This dataset contains groundwater monitoring data collected from monitoring wells across 10 districts in Malawi between 2024 and 2025. The data were captured using automated data loggers installed in monitoring wells and were collected and managed by BASEflow.
The dataset provides time-series measurements of key groundwater parameters, enabling detailed analysis of aquifer behavior across multiple geographic locations.
Variables Included
Date – Date of measurement
Waterpoint Name – Name of the monitoring site
District – Administrative district where the monitoring well is located
Latitude & Longitude – Geographic coordinates of the monitoring well
Source – Data collection method (automated data logger)
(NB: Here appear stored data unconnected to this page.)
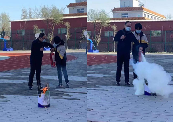 学生们还逐个实操如何使用灭火器灭火。1提,提起灭火器。2拔,拔掉保险销。3握,握住喷管最前端。4对,对准火焰根部。5喷,往下按压阀,对准火焰喷射。学生们按照教师指导的动作要领,稳、准、狠的将火源喷灭。
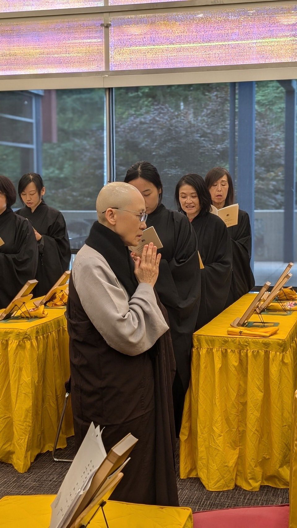 雖然是臨時的場地,大家攝心虔敬的修持地藏法門,法會井然有序的進行,持誦地藏經和聖號、聽聞開示、佛前大供。外護的香積組也貼心準備了可口的午齋、咖啡、水果等。
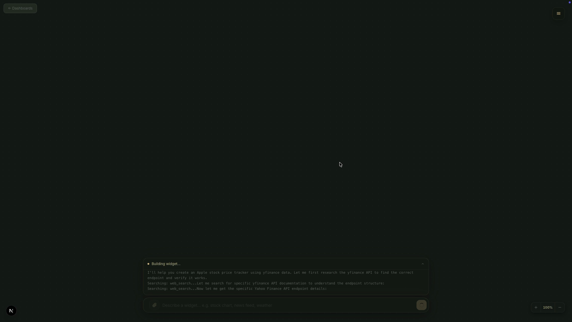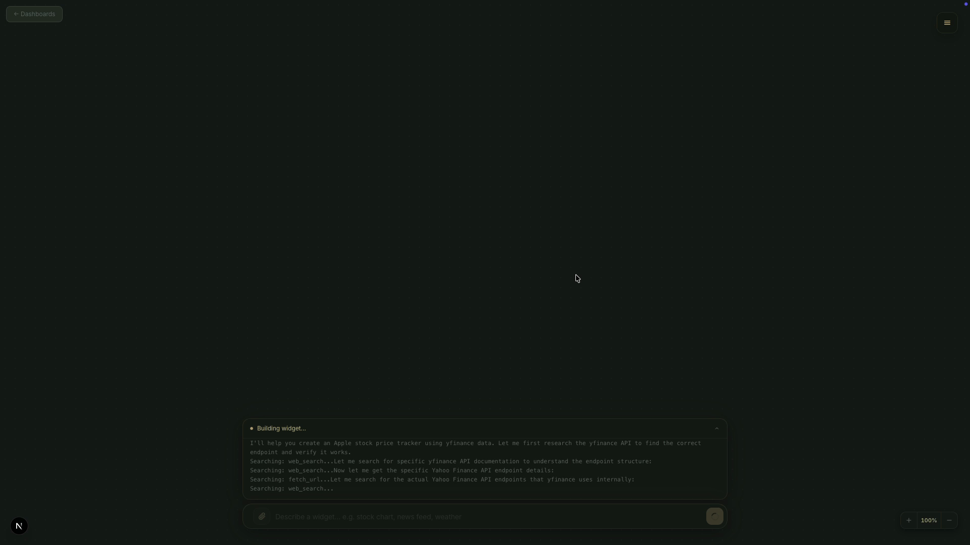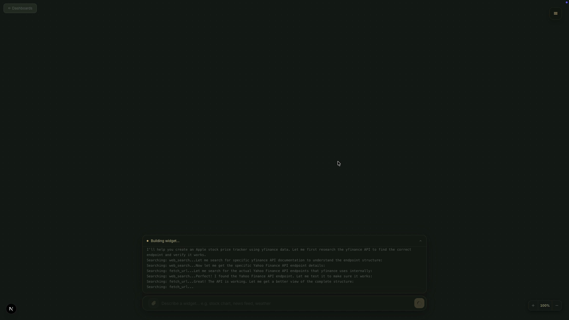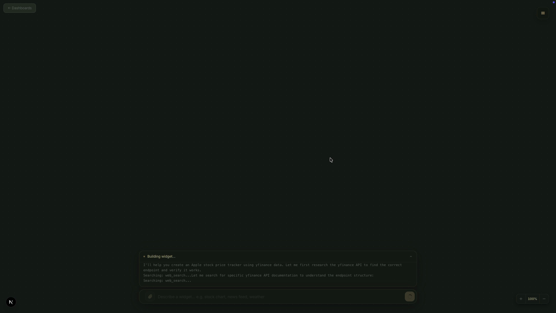 Describe what you need. Get a live, interactive dashboard, powered by AI that researches, builds, and updates in real time.
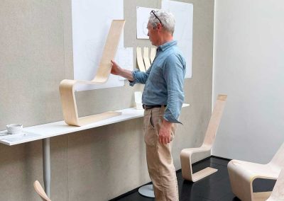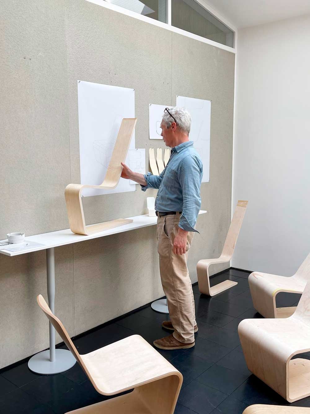 El diseño de Jasper Morrison del Iso-Lounge comenzó como un boceto único en el que la mano fluía desde el respaldo del asiento hasta el piso. La madera contrachapada fue la única opción de material que siguió la curva del diseño en voladizo. La silla en voladizo se basa en una producción altamente técnica para crear equilibrio y soporte, especialmente cuando se produce en chapa de madera. Más de cuatro prototipos completos, junto con muchas secciones de prototipos se hicieron en el transcurso de un año para crear una pieza que ofreciera un apoyo total y maximizara la comodidad. Donde necesitaba ser fuerte, hay más capas y donde no necesita ser tan fuerte y debe flexionarse, hay menos capas: la silla se ha perfeccionado para que sea increíblemente receptiva.
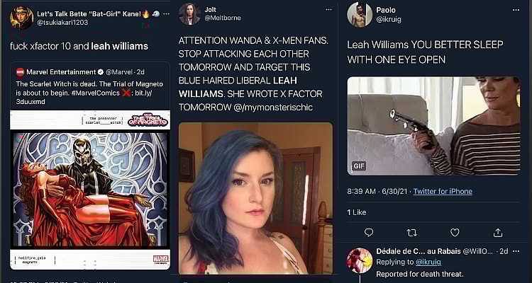 The backlash against Williams wasn’t limited to just a couple of tweets from some random accounts, as a litany of tweets expressed various degrees of contempt with Williams’ writing, swore off any further titles she may write (such as the core issues of the upcoming Trial of Magneto story line), and even making veiled death threats towards her over social media.
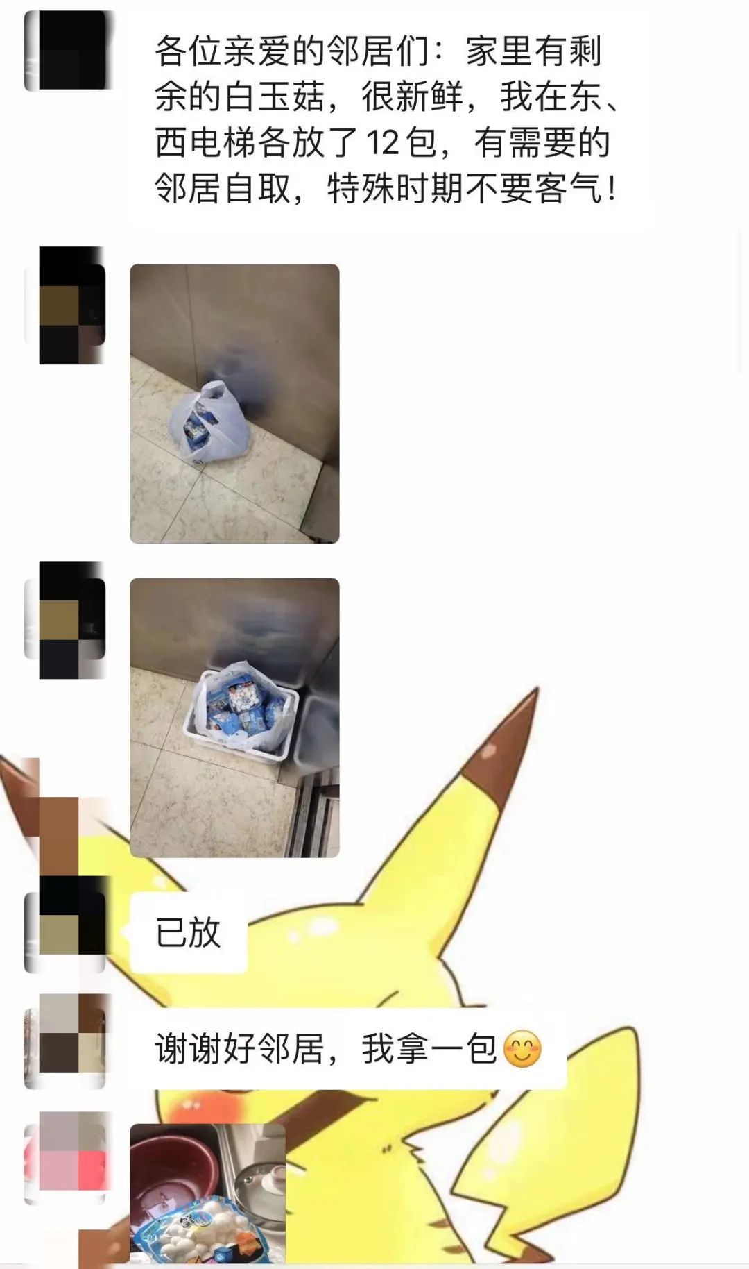 住了几年都不知道有多少邻居的楼栋,还自发成立了“暖心互助”的楼组群,谁家有多的物资就拿出来一起分享!
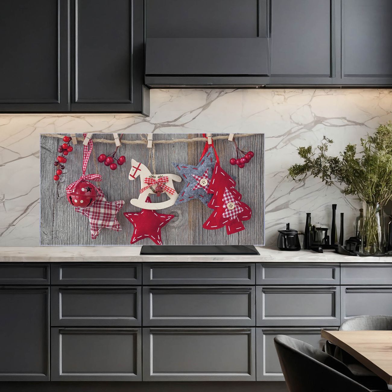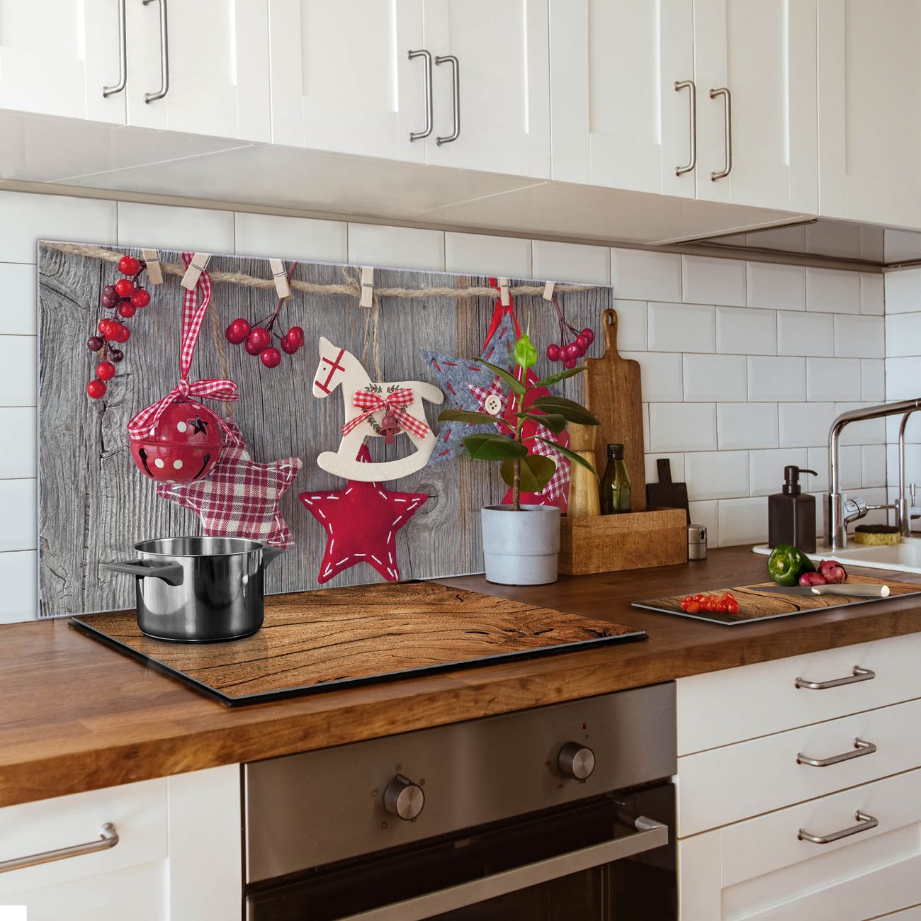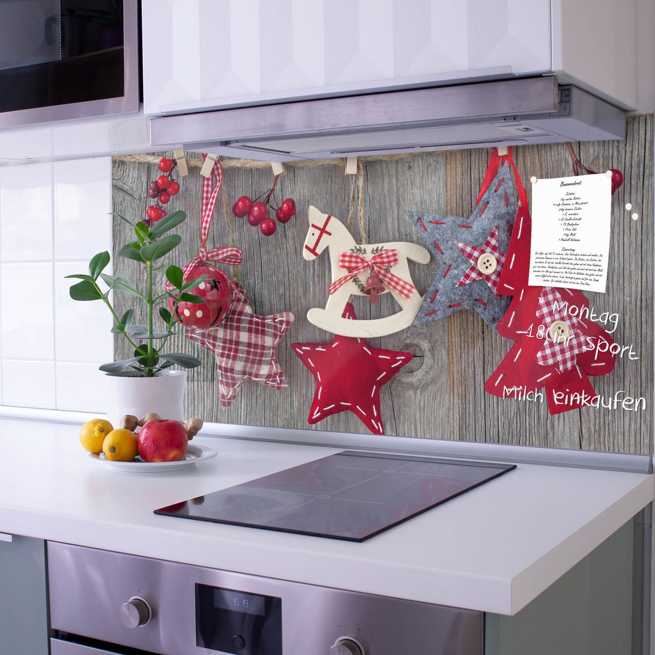 Die banjado Glas Küchenrückwand in verschiedenen Größen mit Motiv Winterdekoration schützt Ihre Küchenfliesen vor Fettspritzern oder Wasserflecken. Der Spritzschutz ist gleichzeitig magnetisch und hält Ihre Rezepte oder Einkaufslisten. 4 Neodym-Magnete und 1 Kreidestift liegen bereits bei. Leuchtende Motive und hochwertiges Material machen den Spritzschutz zum Designobjekt. Das dekorative Glasbild gibt Ihrer Küche ein individuelles Erscheinungsbild. Abgerundete Kanten und Sicherheitsglas sorgen für einen sicheren Einsatz.
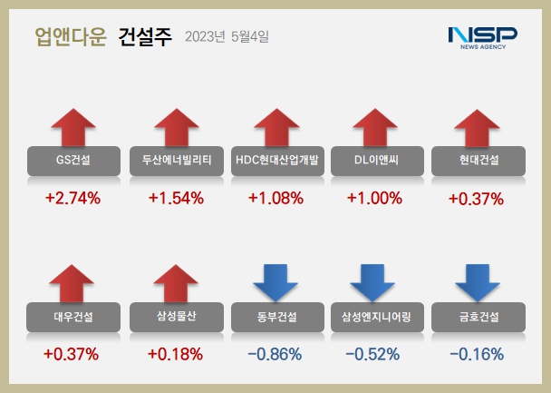 (서울=NSP통신) 정의윤 기자 = 4일 코스피(-0.02%)와 코스닥(+0.22%)는 상승과 하락이 엇갈렸다. 건설주는 전일 대비 0.25% 상승했다. 건설주는 80종목 가운데 39종목이 상승, 37종목이 하락했다. 보합세는 4종목이다.
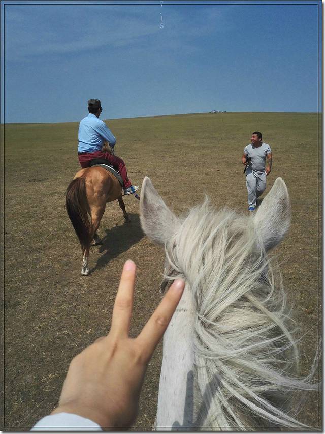 马队一直慢慢在走,也不知道怎么的,慢慢的我的胆子就大起来,还敢策马小跑了,再后来还敢掏出手机拍照片,绝对的惊喜,今天天气不热,风很大,在草原上策马奔腾,感觉真的很好,不过要是能和心爱的人一起策马奔腾,共享人世繁华,那更是人生一大幸事。不过初次骑马,不仅腰疼,屁股更遭罪啊,在马背上的时候就觉得疼,回去后才发现屁股上磨破了皮,还出血啊,坑爹的……
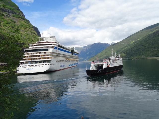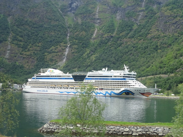 Wir fahren nach Flåm und steigen auf die Bahn um. Da die Züge gut ausgebucht sind haben wir bis zur Abfahrt fast 2 Stunden Zeit, können also noch ein paar Caches suchen und die AIDAbella im Hafen von Flåm begrüßen.
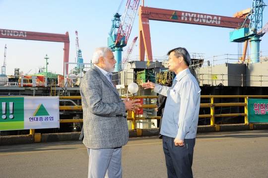 나렌드라 모디 인도 총리(왼쪽)와 최길선 현대중공업 회장이 19일 울산조선소 선박건조 현장에서 환담을 나누고 있다.
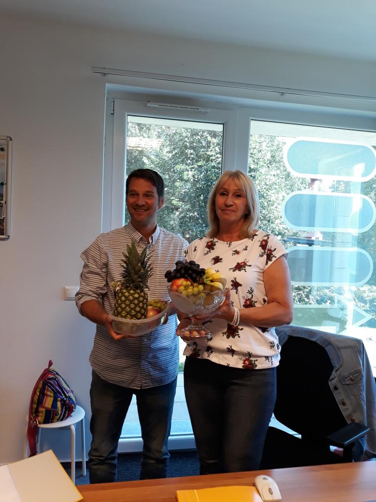 Az ünnepség végén Kovács Szilveszter Grassroots Igazgató adta át azt a díszes gyümölcstálat, amit a veterán labdarúgók ajándékoztak Petrika Ibolyának.
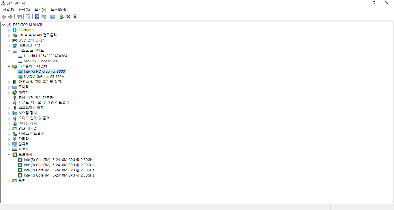 - 스펙 CPU : Intel i5-2410M CPU 2.30GHz (2세대 샌디브릿지) 그래픽카드(VGA) : NVIDIA GeForce GT 520M (외장) + 내장 그래픽 (Intel HD Graphics 3000) 저장장치 : 샌디스크 SSD 128기가 + ODD 대신 멀티부스트로 (HDD 320GB) 램(RAM) : 6기가(6GB) - 4GB에 2GB 추가한걸로 기억합니다.
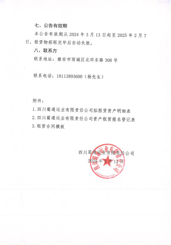 四川蜀通运业有限责任公司关于对外租赁部分门面、办公室资产的公告附件
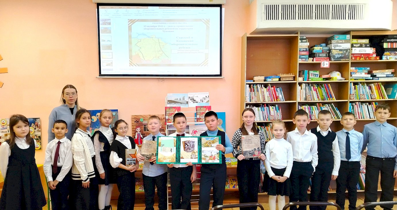 С помощью видеопрезентации "Сурский рубеж: история, память" библиотекарь рассказала участникам мероприятия о героизме женщин, пожилых людей, которые в тяжелейших условиях военного времени готовились оборонять свою Родину, строя Сурский и Казанский оборонительные рубежи зимой в 1941 и 1942 году. За период строительства на рубежах, протянувшихся на территории Чувашской Республики на 380 км, было вынуто около 5 мил. кубометров грунта, оборудовано 2347 огневых точек и 1970 землянок, в том числе по Сурскому рубежу - 1607 огневых точек и 1490 землянок. Благодаря трудовому подвигу людей, несмотря на трудности и сильный мороз, Сурский рубеж для защиты промышленных центров Волги и Урала был построен за рекордно короткий срок - 45 дней. Строительство на Сурском рубеже было завершено 20 января, на Казанском 25 января 1942 года.

Water Level – Groundwater level measurement (typically meters below ground level, depending on installation reference)
Temperature – Groundwater temperature (°C)
Conductivity – Electrical conductivity (µS/cm), indicating dissolved ion concentration and groundwater quality characteristics
The use of automated loggers ensures high-frequency, consistent, and reliable measurements suitable for time-series analysis and hydrogeological assessment.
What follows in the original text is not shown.